Uncontested Simplified Divorce in Singapore

A divorce is never easy but can become even more complicated if it becomes a contested divorce proceeding. In many cases, agreeing to a  simplified uncontested divorce can be the best alternative for both spouses notwithstanding who is the plaintiff or the defendant. In fact, the judicial system in Singapore even encourages these simplified uncontested divorces, dispensing with all court proceedings and requiring only the divorce papers to be filed in Court. Within one month of filing the divorce proceedings, parties can expect the interim judgment of divorce and thereafter 3 months later, the divorce is concluded with the Family Court issuing a certificate making divorce proceedings final.

As the name suggests, a simplified uncontested divorce can come into effect when both spouses agree on the reason the marriage should be dissolved and agree on all ancillary matters such as maintenance of wife/children, division of assets, custody/care and control/access of the children so that the whole process follows a simplified track i.e. dispensation of formal service of divorce papers on each other, attendance in court, mediation etc.

Still, even under these circumstances, the assistance of qualified divorce lawyers would be invaluable to get through one of the most challenging periods in any one’s life, observe all the requirements and nuances, and follow the procedure.

What is a Simplified Uncontested Divorce?

In the case of a simplified uncontested divorce, the parties agree on the marriage dissolution itself as well as on the ancillary matters, which include care and custody of children, if any, division of property, as well as maintenance for the wife/children. Sometimes, the parties consent to the dissolution of marriage but not on its material consequences i.e. the ancillaries. In order to have an uncontested simplified divorce, both these aspects must be agreed upon.

If the spouses decide to go for a simplified uncontested divorce, they can file for the said divorce by appointing lawyers who will then file the signed papers to the Family Justice Court via the elitigation module. Consequently, if the papers are in order, an administrative divorce hearing (where parties attendance is not required by the court) will be convened usually in a month and the parties may thereafter extract the interim judgment of divorce. This saves a lot of money and time compared to a contested divorce proceeding.

Meanwhile, the simplified uncontested divorce should not be confused with an application for the Annulment of Marriage.

Requirements for a Simplified Uncontested Divorce in Singapore

The list of prerequisites for filing for both contested and uncontested divorce in Singapore is the same. It includes the following requirements:

  • Marriage should be at least 3 years, and;
  • One of the spouses should have strong ties with Singapore by being either a citizen or being domiciled in Singapore or reside in Singapore for at least 3 years.
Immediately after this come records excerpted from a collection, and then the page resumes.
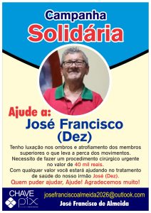 Sendo assim, “Dez”, como é carinhosamente chamado, está pedindo a colaboração de todos que pode ser repassada mediante PIX.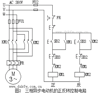 利用两个或多个常闭触点来保证线圈不会同时通电的功能成为“互锁”。三相异步电动机的正反转控制电路即为典型的互锁电路,如图2所示。其中KMl和KM2分别是控制正转运行和反转运行的交流接触器。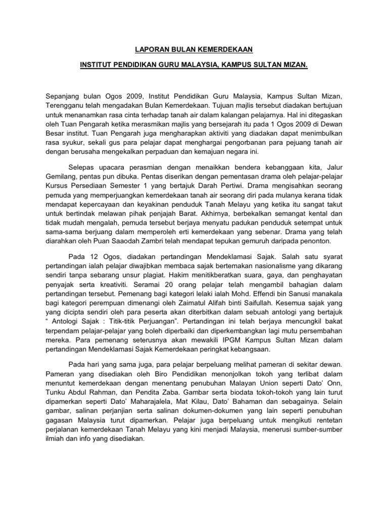 Contoh Karangan Laporan Sambutan Kemerdekaan Peringkat Sekolah Reljo3m7z7n1

Thus, foreigners can also file for divorce in Singapore if the above requirements are met. It must be also be noted, that Muslim spouses or those married under Muslim should turn to Syariah Court should they consider divorce.

The legitimate reasons for filing for both contested and uncontested divorce in Singapore are also the same and fall under 4 categories:

  • Adultery when the defendant had sexual relations outside marriage, and the plaintiff finds it intolerable to continue living in marriage.
  • Unreasonable behavior when for example the defendant inflicts physical or mental abuse or has behaved in an unreasonable and intolerable manner. Common examples such as spending too much time at work and failing to spend meaningful time with the spouse may also be considered behavior which is unreasonable.
  • Desertion if the defendant has left the plaintiff for a minimum of 2 years, cannot be contacted at all and shows no signs or intention to return.
  • Separation when spouses live separately or maintain separate households under mutual consent for at least 3 years or without mutual consent for more than 4 years.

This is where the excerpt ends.